Berea Mixed Use Project LLC, an affiliate of DiGeronimo Companies, is requesting a Planned Unit Development (PUD) zoning overlay on 16 acres of land owned by HSG in the vicinity of Front Street and Lou Groza Boulevard. A PUD zoning is tied specifically to the site plan for the development — including buildings, streets, sewers, green spaces and even special building materials — so if any part of the plan is changed, the whole thing has to be rezoned.
Tonight, planning commission members will determine if the project’s conceptual design meets all city codes. If so, a more detailed PUD plan will be presented at a public public hearing where the commission may make a recommendation for passage to Berea City Council. If council approves it, the PUD plan carries the force of law.
The name of the new development, District 46, refers to the year 1946 when the Browns professional football franchise was founded. A $150 million first phase could see construction start before April 2025.
The conceptual plan shows six structures surrounding a community athletic field with seating for up to 7,000 spectators. Five structures are included in the first phase, including a three-level, roughly 200-space parking garage between Pearl Street and the Browns’ existing practice fields.
North of the garage and next to a new traffic circle on Pearl would be a three-story, 45,000-square-foot sports medicine and healthcare facility operated by University Hospitals Health System (UH). It will also have ground-floor mixed uses, according to site plans and other public records first shared by NEOtrans last week.

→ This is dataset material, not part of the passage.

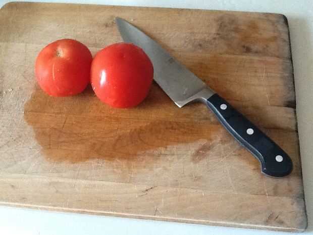 Lavarse las manos. Lavar los tomates en agua fría.

The UH building will have a 10,500-square-foot sports medicine facility, 20,000 square feet of office space, 3,500 square feet of restaurant space, a 3,500-square-foot retail space, and a 7,500-square-foot media/entertainment studio.
On the other side of the new traffic circle on Pearl from UH’s facility, overlooking the new community field, will be a five-story major flag hotel with 136 rooms. The hotel, whose brand was not released publicly, is proposed to measure about 96,365 square feet. The same development team here is also building a 136-room AC Hotel by Marriott at Valor Acres in Brecksville.
Bracketing the new athletic field will be two 75-unit apartment buildings with a 5,000-square-foot restaurant on the ground floor of each. But the larger building will also have ground-level parking behind what appears to be a featureless façade along the sidewalk on Front.
The site plan also divulges the proposed uses of a large, potentially three-story building, south of the community field. Part of a second phase, the building would house a new community recreation center and possibly some commercial space.
Last spring, HSG and Berea officials unsuccessfully sought $15 million in state capital budget funds for the mixed-use development — $5 million for the recreation center and $10 million for a multi-purpose sports fieldhouse. Those community uses may have to wait until another source of public funding is found or the city takes another shot at the capital budget in 2026.
For the first phase, the developers are seeking $2 million worth of Transformational Mixed Use Development tax credits from the Ohio Department of Development. Berea Mayor Cyril Kleem said the city is also finalizing terms of a Tax Increment Financing (TIF) package with the District 46 development team.
A TIF captures new tax revenues to be generated by a development in a specific district for use in servicing debt raised to pay for infrastructure and other associated development costs. Revenues proposed for the District 46 TIF are new payroll taxes, event admissions taxes and hotel bed taxes from the development, he said. Other revenues the city will receive are four annual payments in lieu of taxes totaling $4 million starting in 2026.